One of the main characteristics of the proposed iterative method to obtain the static internal field is that the results are supported by a uniqueness theorem in magnetostatics.
The series of solutions Mn,Hn, where n is the iteration number, minimize the free Gibbs
energy G(M) in sequence. They also satisfy the constitutive equation M = χH at the end
of each iteration better than the previous one. Therefore based on the given uniqueness
theorem, the unique stable equilibrium state M is determined.
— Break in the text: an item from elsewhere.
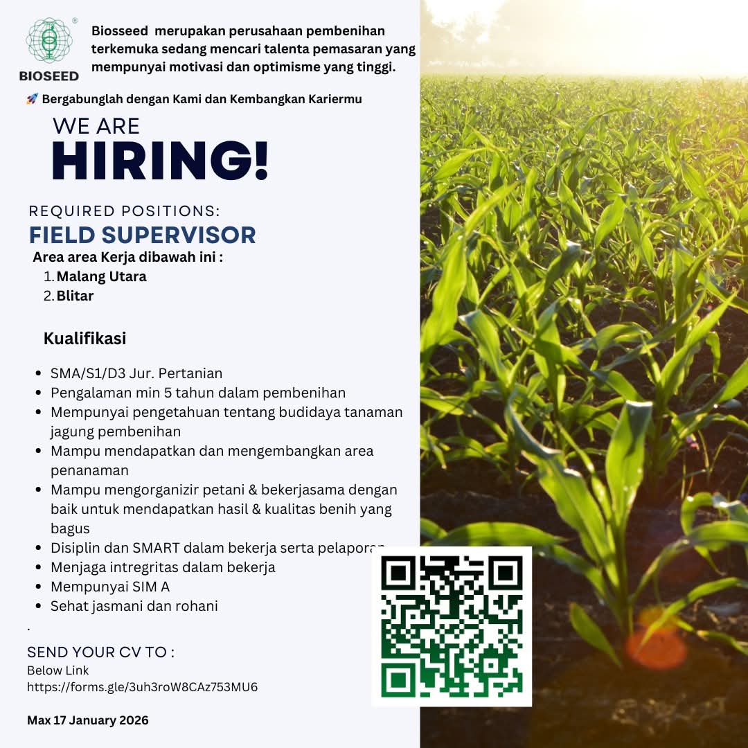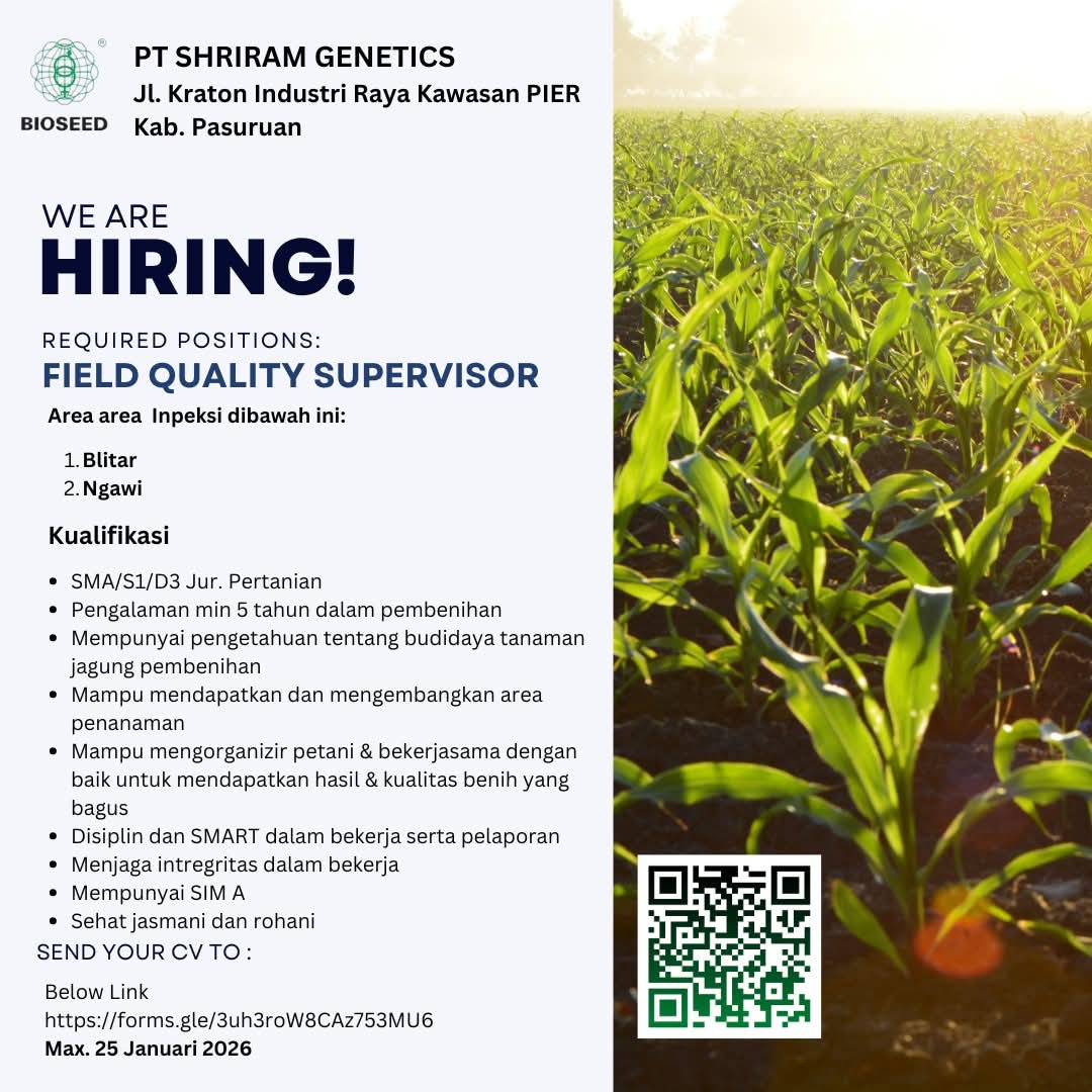 Hai sahabat job seeker, temukan karirmu bersama PT SHRIRAM GENETIS yang membuka lowongan pekerjaan untuk jabatan FIELD QUALITY SUPERVIOR untuk Wilayah Blitar dan Ngawi kirimkan CV Terbaikmu ! Max 25 Januari 2026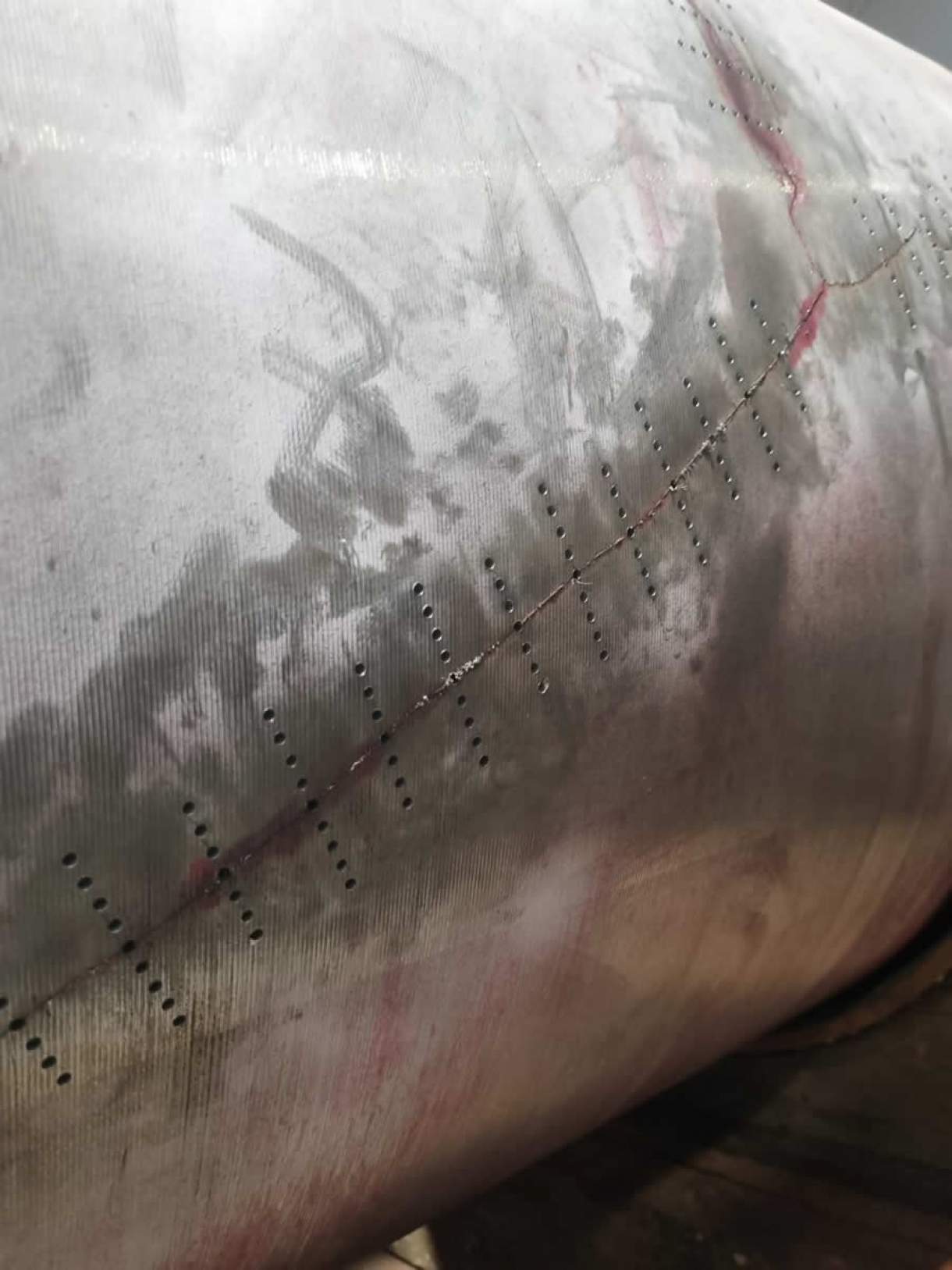 Após inspeção por ensaio de líquidos penetrantes (LP), foram identificadas trincas significativas no corpo do rolo, exigindo reparo imediato para evitar a propagação dos danos.

To simulate wave propagation in the Gyrotropic magnetic media a new FDTD formulation is proposed. The proposed formulation considers the static part of the electromagnetic field, obtained by using the iterative approach, as parameters and updates the dynamic parts in time. It solves the Landau-Lifshitz-Gilbert equation in consistency with Maxwell’s equations in time domain. The stability of the initial static field distribution ensures that the superposition of the time varying parts due to the propagating wave will not destabilize the code.
Resonances in a cavity filled with YIG are obtained. Wave propagation through a
microstrip line with YIG substrate is simulated. Magnetization oscillations around local internal field are visualized. It is proved that the excitation of magnetization precession which is accompanied by the excitation of magnetostatic waves is responsible for the gap in the scattering parameter S12. Key characteristics of the wide microstrip lines are verified in a full wave FDTD simulation. These characteristics are utilized in a variety of nonreciprocal devices like edgemode isolators and phase shifters.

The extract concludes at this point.